Allison M. Greene and Christopher R. Bailey
Medical schools are continually developing novel strategies for recruiting students with the qualities that they believe will produce successful doctors. Intelligence and academic achievement, attributes that are relatively straightforward to evaluate, were once the cruxes of the interview process. But people skills are becoming increasingly paramount and despite their significance medical schools have found them quite complicated to assess systematically.
A recent New York Times article describes the newest strategy designed to discern socially conscious medical students: the multiple mini interview or MMI. Author Harris likens the process to speed dating, but rather than wooers perched on bar stools foraging awkwardly for words, imagine admissions personnel waiting behind closed doors equipped with sheets of paper that outline predetermined conversation topics. The controversial issues we’re warned to avoid on first dates are fair game for the dozen-or-so mini discussions between the interviewers and the applicants. This year, the MMI was used in at least eight medical schools in the United States and thirteen schools in Canada.
The technique is designed to assess how well candidates can think quickly, work collaboratively, listen well, demonstrate cultural competence, and form conclusions that are in accord with both their own and other people’s perspectives. The underlying idea is that these abilities are essential for interactions with patients and colleagues because they require fundamental communication tools. But does success in the MMI really translate to success in the professional world?
The MMI makes for an interesting icebreaker, but we question whether it assesses the right types of attributes in candidates. Working with colleagues and patients does require listening skills and cultural competence, but it also requires aptitudes that are not necessarily measured in the MMI. In fact, we argue that some personality traits that might help students in the MMI are the very traits that patients might find undesirable in doctors. Consider, for example, the strongly opinionated, outspoken applicant who knows to listen patiently while others speak but has no concern for what they say.

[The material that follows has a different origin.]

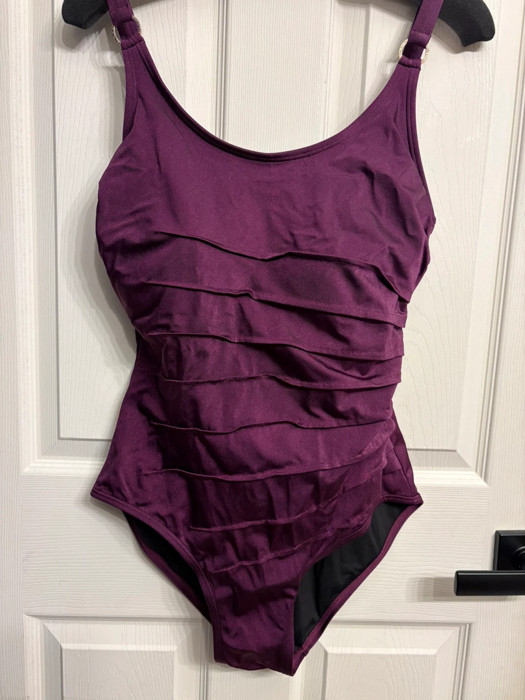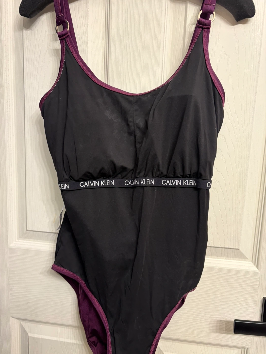 This Calvin Klein one-piece swimsuit features a flattering ruched front with ruffle detailing. It has adjustable straps and a classic silhouette. Perfect for your next beach or pool day! In great like new condition. Beautiful and elegant design. Pick up in Chestermere.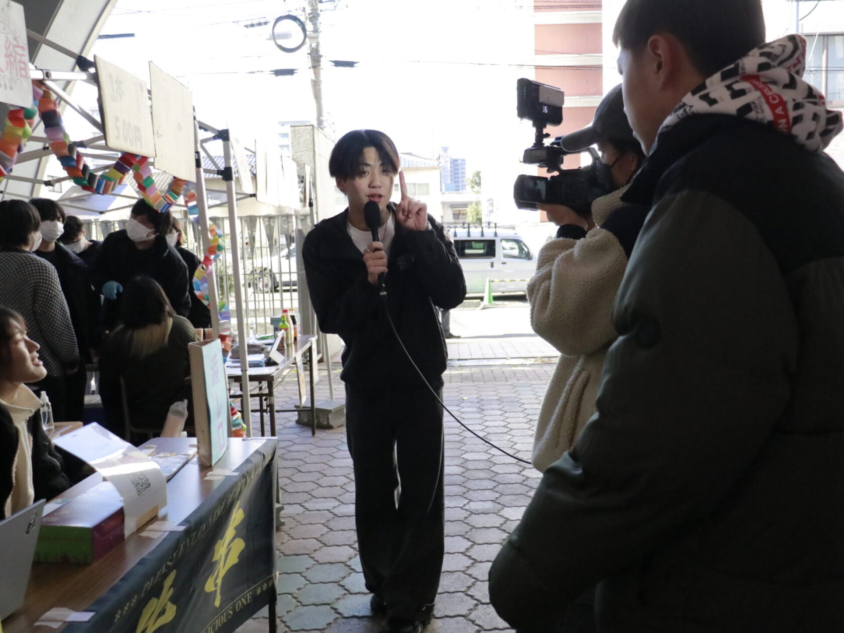 主にステージイベントを配信しましたが、今年は模擬店の突撃インタビューを学生広報スタッフ「スキキャス」のメンバーが担当!

Conversely, consider the timid applicant with genuine intentions who is overshadowed by an outspoken peer. The former might fare better in the MMI, but when it comes to building rapport with patients, the student with the ability to listen keenly to a patient will build a more intimate relationship, which ultimately translates to better care.
Though the MMI has the ability to assess an applicant’s endurance–the process can last as long as four hours–and facility to solve problems quickly and efficiently, it does not allow the interviewers the same detailed portrait of an applicant’s personality that a traditional interview affords. In a way, applicants should not be running a marathon that assesses one aspect of their persona. Instead applicants should be put through a sort of decathlon that assesses their whole character. The traditional interview is the proverbial decathlon that will, in due course, give medical schools a holistic view of their potential pupils and should remain the primary means of evaluating America’s future physicians. The MMI is not ineffective, but we believe that if medical schools choose to use it, they should use it in conjunction with more traditional interview methods.
1. Harris, G. New For Aspiring Doctors, the People Skills Test. The New York Times. July 10, 2011.